Right. This is actually the core issue with Dialyzer in general, because
it is a permissive typer that assumes anything is acceptable unless it
can prove by inference that something is impossible OR the user has
written a typespec to guide it and specify the wrongness. Those
specifications are essentially arbitrary in most cases.

This is the exact opposite approach used by GHC, for example. But for
the way Erlang and OTP work at their core it is necessary to have
permissive type checks guided by annotations.

NOTHING SAYS THOSE ANNOTATIONS MIGHT NOT BE WRONG.

This is also true of -pure declarations.

What you CAN prove, however, is that no definitely IMPURE functions
are called from within a function marked as -pure.

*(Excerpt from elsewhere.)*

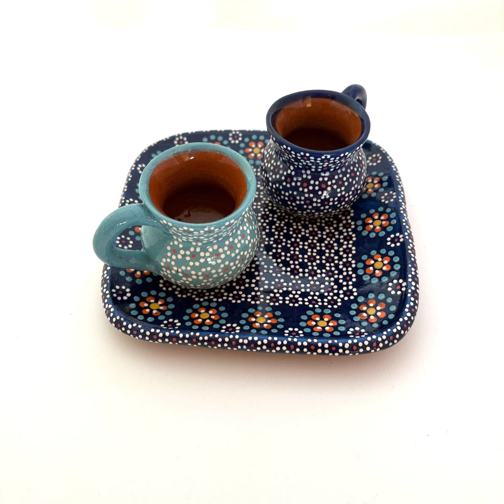 When we've enjoyed a copita of mezcal in Michoacán, sometimes it's often accompanied by cut up fruit and special salts--served on a handmade ceramic plate. We love that idea and decided to put together these pieces that are not only practical, but beautiful! These very popular cups from Capula match nicely with the square platitos and you can mix and match if you like. If you want to purchase several--please contact us and we'll combine shipping charges. You can purchase additional cups here: https://mexico-by-hand.myshopify.com/collections/celebrations/products/clay-mezcal-cups-from-capula

Which means Dialyzer would emit an error on any -pure function calling
a function not also considered -pure.

As noted before, much of the stdlib is pure, so quite a lot of code
could become provably pure quite quickly.

No messaging, no external resource calls, no ets, no nifs, certain
functions in io and io_lib are out, etc.

There may be a way to sneak a side effect in despite this, but I think
you could get CLOSE to having a provable graph of pure function calls.

BUT

That is true ONLY IF they are all actually fully qualified calls.
And this is also the problem with trying to make Dialyzer more strict.
(Also, dynamic upgrades are another impossible case to prove.)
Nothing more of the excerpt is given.